Rozdział 110
- Pamiętam. - Westchnął cicho Aru.
Chłopak uśmiechnął się do niego i z wdzięcznością przyjął talerz naleśników z bitą śmietaną i owocami. Zjadł kawałek i zamruczał.
- Jak ja kocham twoją kuchnię... - Jęknął rozmarzony. - Nawet nie wiesz jak bardzo za nią tęskniłem. - Dodał, pakując sobie kolejny widelec do ust. Brunet uśmiechnął się i nałożył jeszcze dwie porcje, po czym poszedł na górę.
- Cześć, tatusiu. - Ziewnęła dziewczynka wchodząc do kuchni.
- Cześć. - Odparł rozczulony policjant.
- Yay! Naleśniki! - Ożywiła się nagle. - Uwielbiam! - Dodała i wskoczyła na krzesło, po czym zachwycona zabrała się za pochłanianie swojej porcji.
- Pamiętam, skarbie. - Zaśmiał się Aru i usiadł obok Krystiana, również zaczynając jeść.
Wstał i pozbierał talerze, a potem włożył je do zmywarki. Amelka poszła ubierać się do szkoły, a Krystian spojrzał na swojego mężczyznę i zachichotał. Podszedł do niego i zarzucił mu dłonie na szyję.
- Co cię tak bawi, Kotku? - Zapytał, kładąc dłonie na jego biodrach.
- Pomyślałem sobie, że przy twojej kuchni momentalnie wrócę do swojej wagi. - Zaśmiał się i pocałował swojego mężczyznę.

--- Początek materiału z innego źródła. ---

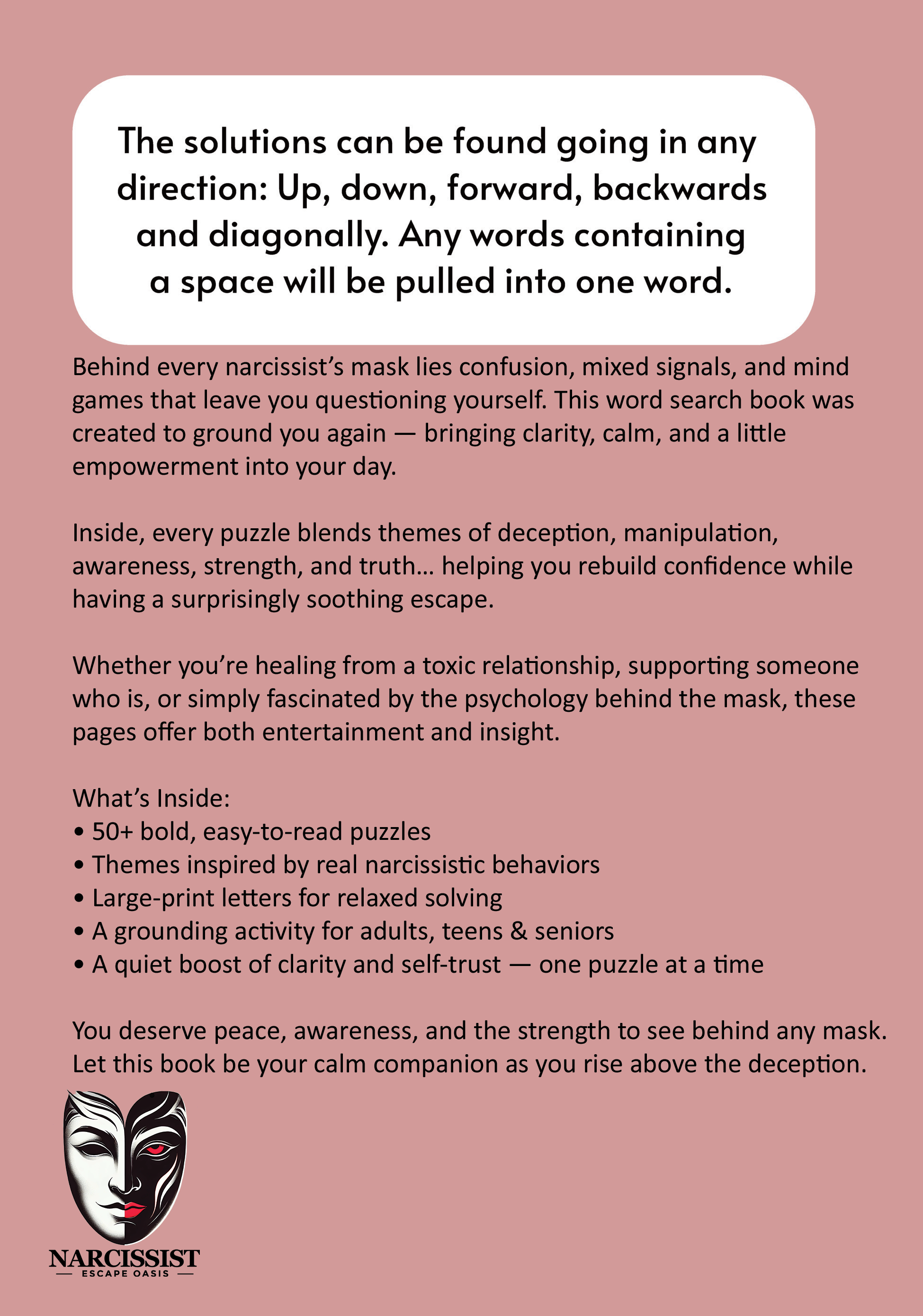 Narcissist Masked Figure Word Search Book Healing Puzzle Book for Mental Clarity & Emotional...

- Czyżby aż tak ci smakowało? - Zamruczał mu w usta i zamienił ich miejsca, po czym całując go naparł ciałem na młodszego, tak, że ten w końcu wylądował plecami na kuchennym blacie. Zjechał z pocałunkami na jego szczękę, a potem na szyję, którą bardzo chętnie zaczął lizać.
- Aru- - Westchnął z przyjemnością młodszy. Wplótł dłoń w jego ciemne włosy, z zaskoczeniem zauważając ich miękkość.
- Musimy przestać... - Mruknął chłopak. Nie bał się. Nie swojego partnera. Wiedział, że ten nic mu nie zrobi.
- Mówiłem, żebyś nie wychodził z łóżka... - Przypomniał brunet, ale posłusznie odsunął się od niego.
Krystian sprawdził godzinę. Dochodziła 7. Westchnął i czule pocałował swojego ukochanego, a potem poszedł jeszcze po swój telefon i inne rzeczy tego typu. Wychodząc zgarnął kluczyki od auta.
- Tatusiu? - Usłyszał nagle obok.
- Hm? - Zagaił wiążąc buty.
- Podwiózłbyś mnie? - Poprosiła dziewczynka.
- Jasne, chodź. - Uśmiechnął się do niej i sprawdził czy jest dobrze ubrana, po czym wyszedł z domu.
Jego samochód nieco różnił się od nowych, lśniących aut jego ukochanego, ale był tak samo piękny. Przynajmniej dla niego.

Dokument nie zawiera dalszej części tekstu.